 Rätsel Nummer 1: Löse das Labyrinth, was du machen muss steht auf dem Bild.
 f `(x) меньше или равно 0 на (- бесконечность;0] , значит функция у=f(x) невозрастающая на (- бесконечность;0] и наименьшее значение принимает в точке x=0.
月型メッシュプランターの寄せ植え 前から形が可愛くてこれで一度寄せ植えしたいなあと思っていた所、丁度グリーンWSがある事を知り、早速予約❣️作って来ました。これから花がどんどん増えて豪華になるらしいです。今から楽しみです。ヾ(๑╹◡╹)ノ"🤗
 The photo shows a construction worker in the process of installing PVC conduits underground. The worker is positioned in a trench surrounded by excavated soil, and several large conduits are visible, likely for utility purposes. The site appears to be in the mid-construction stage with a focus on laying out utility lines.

---

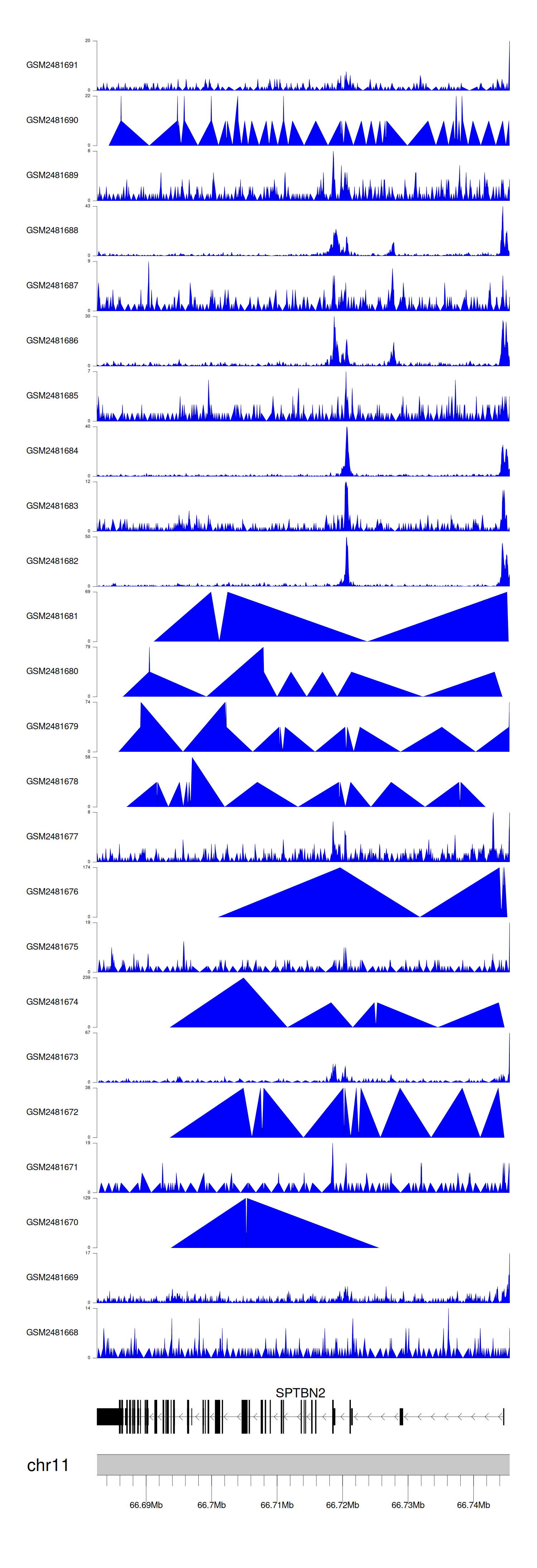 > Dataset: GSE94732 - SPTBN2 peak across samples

What to work on
Restate word for word the lines in the material above from the one with "Rätsel Nummer 1: Löse" to the one with "The photo shows"; both of those lines count, and nothing else does.

Result
 Rätsel Nummer 1: Löse das Labyrinth, was du machen muss steht auf dem Bild.
 f `(x) меньше или равно 0 на (- бесконечность;0] , значит функция у=f(x) невозрастающая на (- бесконечность;0] и наименьшее значение принимает в точке x=0.
月型メッシュプランターの寄せ植え 前から形が可愛くてこれで一度寄せ植えしたいなあと思っていた所、丁度グリーンWSがある事を知り、早速予約❣️作って来ました。これから花がどんどん増えて豪華になるらしいです。今から楽しみです。ヾ(๑╹◡╹)ノ"🤗
 The photo shows a construction worker in the process of installing PVC conduits underground. The worker is positioned in a trench surrounded by excavated soil, and several large conduits are visible, likely for utility purposes. The site appears to be in the mid-construction stage with a focus on laying out utility lines.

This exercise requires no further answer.